### TASK OBJECTIVE
I'd like the listing below copied exactly, with the images left out.

### RECORDED DATA
####################
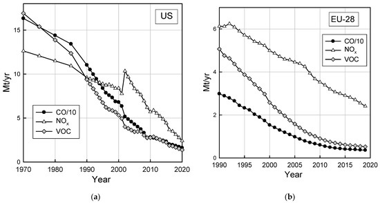 Total highway vehicle emissions in (a) the U.S. and (b) the EU-28, updated from Wallington et al. [45] see text for details.
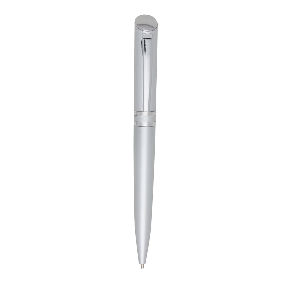 Caneta plástica com carga esferográfica azul 1.0 mm e acionamento por rotação.
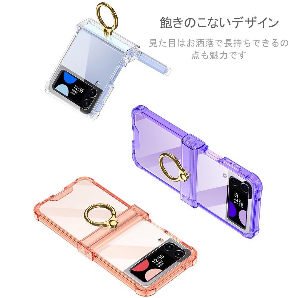 Galaxy Z Flip4 ケース クリア Samsung ギャラクシーZ フリップ 4 / docomo SC-54C / au SCG17 用 カバー リング付き ヒンジ保護 Uovon スマホケース 耐衝撃 スタンド機能 超軽量 超薄型 黄変防止 おしゃれ・クリア
####################
### WRITTEN SOLUTION
 Total highway vehicle emissions in (a) the U.S. and (b) the EU-28, updated from Wallington et al. [45] see text for details.
 Caneta plástica com carga esferográfica azul 1.0 mm e acionamento por rotação.
 Galaxy Z Flip4 ケース クリア Samsung ギャラクシーZ フリップ 4 / docomo SC-54C / au SCG17 用 カバー リング付き ヒンジ保護 Uovon スマホケース 耐衝撃 スタンド機能 超軽量 超薄型 黄変防止 おしゃれ・クリア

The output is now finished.